We hope you are very well and have had a wonderful summer.

We are awfully sorry to bother you but since moving into our new house we have discovered a few problems.

Firstly, we have no hot water or heating at all, due to the non-existence of a boiler. There is however a boiler shaped hole, where a boiler seems to have once sat and we’re pretty sure none of us misplaced it. If it turns out however that we did, then we are dreadfully, dreadfully sorry.

Secondly, the oven is not working and neither are the hobs. Again if this does turn out to be our fault, then we apologise unreservedly.

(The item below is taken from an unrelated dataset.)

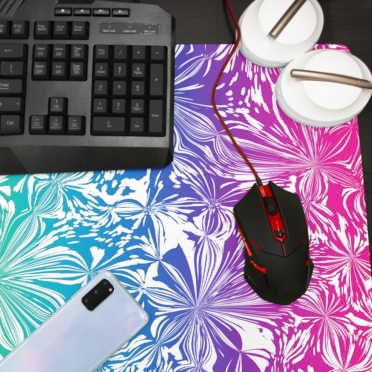 Need something new that can protect your desk and give it a hint of personality at the same time? Freshen things up a bit with a piece that’s unique and useful, like our 24” x 14” Thin Desk Mats. Just like the other mats that we make, this one is meant to give you the best work/play experience possible. And the fact that you can order it with a stunning design from an independent makes it even more special. The mat itself is crafted with premium materials that allow you to play and perform at your peak and keep your desk protected. The top features a smooth polyester that makes moving your mouse (or coffee cup) easier than ever. It also has a grippy rubber backing on the bottom, which ensures that it will remain still during the most hectic last-minute reports. As far as the artwork is concerned, all artists on our site receive a commission for any sales of their work. So every time you buy a pre-designed product from our site, you're helping to support our amazing community of independent artists!
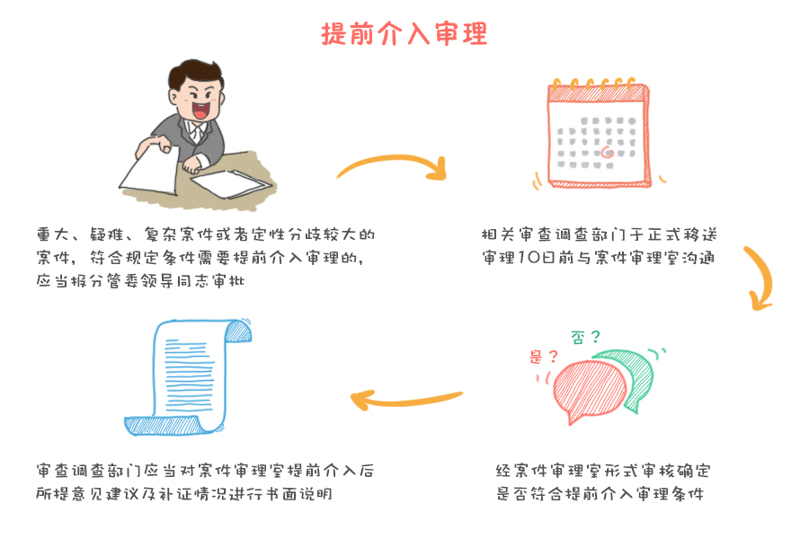 以提前介入審理為例,該規(guī)范明確,對于重大、疑難、復(fù)雜案件或者對違紀(jì)行為性質(zhì)認(rèn)定分歧較大的案件,符合規(guī)定條件需要提前介入審理的,相關(guān)審查調(diào)查部門應(yīng)當(dāng)在報分管委領(lǐng)導(dǎo)同志審批后,于正式移送審理10日前與案件審理室溝通,經(jīng)案件審理室形式審核確定是否符合提前介入審理?xiàng)l件。審查調(diào)查部門應(yīng)當(dāng)對案件審理室提前介入后所提意見建議及補(bǔ)證情況進(jìn)行書面說明。

Finally, the lovely surprise of a beanbag in the front room, was a very welcome one until it turned out to not be a beanbag at all but, instead, a sack of rats. If they were a present for us then we do truly appreciate the sentiment but would quite like them removed.

We hope we have not inconvenienced you in any way.

Have a most wonderful day!

Yours Faithfully,

Sweet, Innocent, Naïve Tenants

P.S We have sent you some lashings of Ginger Beer as a pre-emptive thank you.


One Week Later…

Dear Mr. Landlord,

We hope you are quite well.

Really sorry to keep bothering you like this but I’m afraid none of the issues we referred to in our last email have been addressed and they have, in fact, got worse.

The water pipes have frozen, the oven seems to be leaking large volumes of gas and the rats, which we fear are now diseased, have multiplied. Could you please take a look at these new problems?

We hope we have not inconvenienced you at all.

Have a mostly wonderful day!

Yours with slightly wavering faith,

Sweet, Innocent, Naïve Tenants


Two Months Later…

 Oi Prat!

Please send help immediately!

The cold and lack of food has slowly worn us down. Six days ago Gerry stood up and, in an admirably reserved voice, said, “I am just going outside and may be some time.” We have not heard from him since. In fact, the only heat we have felt since moving in, was when the oven exploded, taking Judy with it. And now with Jimmy contracting the Black Death, this really is the last straw!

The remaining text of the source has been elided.